Your objective:
Retype the listing exactly as it stands, and keep every image out.

Given records:
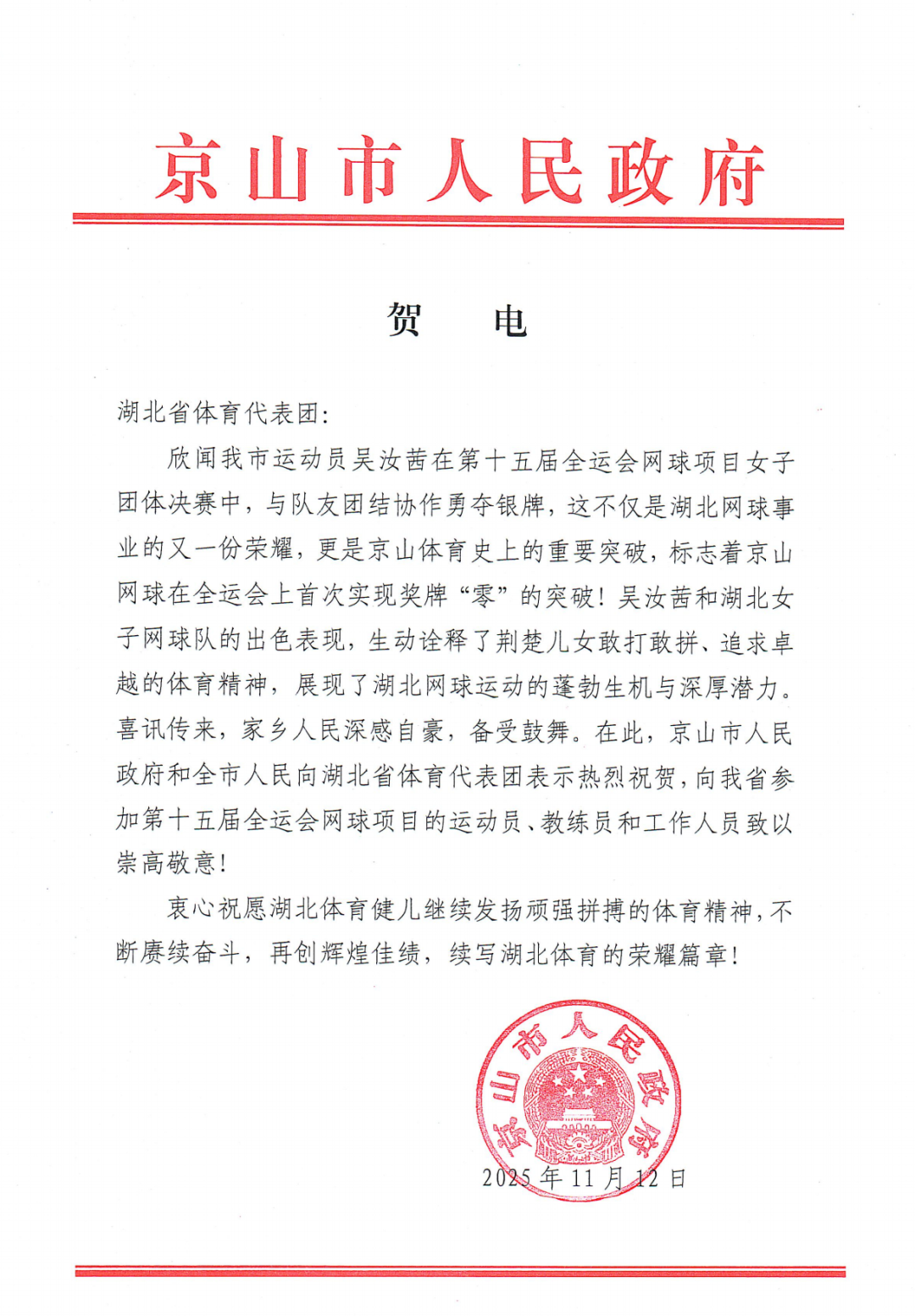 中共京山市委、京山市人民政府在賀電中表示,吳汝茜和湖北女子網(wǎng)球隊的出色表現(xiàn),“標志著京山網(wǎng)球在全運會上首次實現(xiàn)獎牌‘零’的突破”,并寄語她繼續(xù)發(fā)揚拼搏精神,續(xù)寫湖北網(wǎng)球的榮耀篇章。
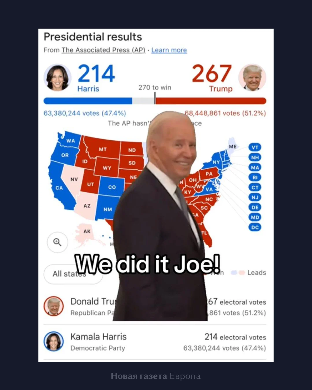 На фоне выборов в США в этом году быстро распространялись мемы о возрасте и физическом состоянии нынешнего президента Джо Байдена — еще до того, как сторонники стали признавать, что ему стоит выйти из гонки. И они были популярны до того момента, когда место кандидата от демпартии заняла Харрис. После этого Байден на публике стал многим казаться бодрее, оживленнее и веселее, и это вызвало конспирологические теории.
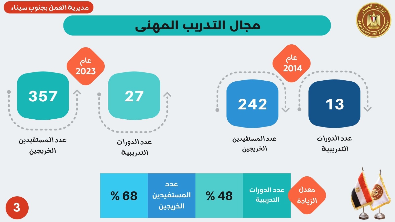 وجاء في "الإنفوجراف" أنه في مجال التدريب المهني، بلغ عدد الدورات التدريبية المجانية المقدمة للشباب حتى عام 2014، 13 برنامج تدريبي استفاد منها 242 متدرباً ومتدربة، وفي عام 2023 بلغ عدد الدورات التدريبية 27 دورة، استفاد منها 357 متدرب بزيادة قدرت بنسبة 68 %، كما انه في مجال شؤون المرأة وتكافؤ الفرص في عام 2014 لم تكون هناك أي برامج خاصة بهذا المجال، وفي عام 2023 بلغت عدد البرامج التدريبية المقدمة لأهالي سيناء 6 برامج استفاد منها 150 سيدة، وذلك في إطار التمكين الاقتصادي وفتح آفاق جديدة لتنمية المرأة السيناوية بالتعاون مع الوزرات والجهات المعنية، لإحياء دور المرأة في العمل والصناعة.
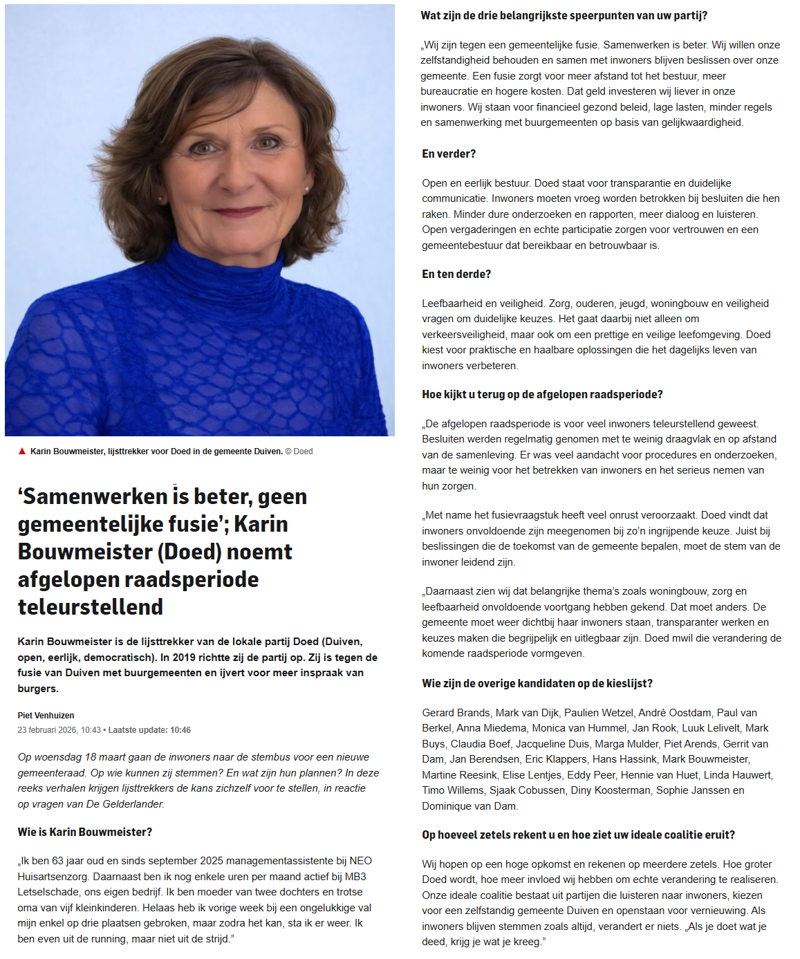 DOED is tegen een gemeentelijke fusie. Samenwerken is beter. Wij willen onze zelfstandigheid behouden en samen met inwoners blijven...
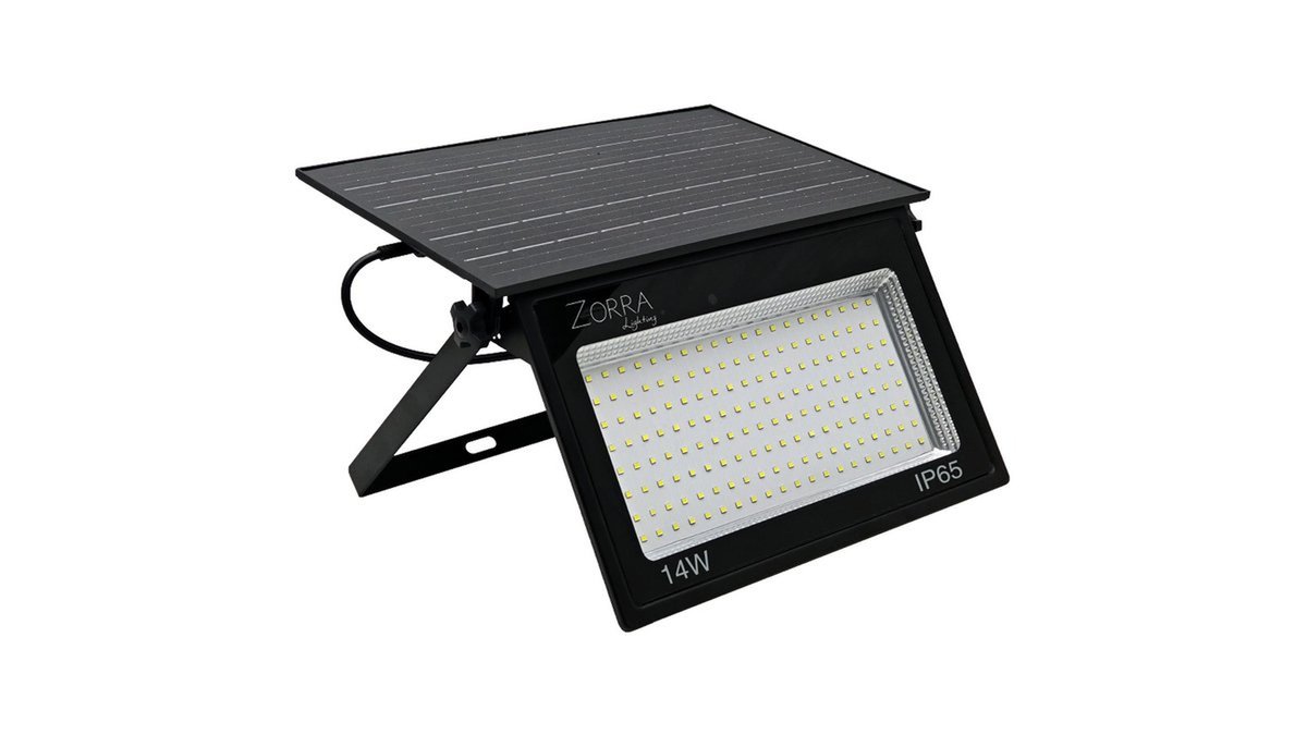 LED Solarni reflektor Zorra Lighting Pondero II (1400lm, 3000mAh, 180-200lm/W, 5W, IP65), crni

Written solution:
 中共京山市委、京山市人民政府在賀電中表示,吳汝茜和湖北女子網(wǎng)球隊的出色表現(xiàn),“標志著京山網(wǎng)球在全運會上首次實現(xiàn)獎牌‘零’的突破”,并寄語她繼續(xù)發(fā)揚拼搏精神,續(xù)寫湖北網(wǎng)球的榮耀篇章。
 На фоне выборов в США в этом году быстро распространялись мемы о возрасте и физическом состоянии нынешнего президента Джо Байдена — еще до того, как сторонники стали признавать, что ему стоит выйти из гонки. И они были популярны до того момента, когда место кандидата от демпартии заняла Харрис. После этого Байден на публике стал многим казаться бодрее, оживленнее и веселее, и это вызвало конспирологические теории.
 وجاء في "الإنفوجراف" أنه في مجال التدريب المهني، بلغ عدد الدورات التدريبية المجانية المقدمة للشباب حتى عام 2014، 13 برنامج تدريبي استفاد منها 242 متدرباً ومتدربة، وفي عام 2023 بلغ عدد الدورات التدريبية 27 دورة، استفاد منها 357 متدرب بزيادة قدرت بنسبة 68 %، كما انه في مجال شؤون المرأة وتكافؤ الفرص في عام 2014 لم تكون هناك أي برامج خاصة بهذا المجال، وفي عام 2023 بلغت عدد البرامج التدريبية المقدمة لأهالي سيناء 6 برامج استفاد منها 150 سيدة، وذلك في إطار التمكين الاقتصادي وفتح آفاق جديدة لتنمية المرأة السيناوية بالتعاون مع الوزرات والجهات المعنية، لإحياء دور المرأة في العمل والصناعة.
 DOED is tegen een gemeentelijke fusie. Samenwerken is beter. Wij willen onze zelfstandigheid behouden en samen met inwoners blijven...
 LED Solarni reflektor Zorra Lighting Pondero II (1400lm, 3000mAh, 180-200lm/W, 5W, IP65), crni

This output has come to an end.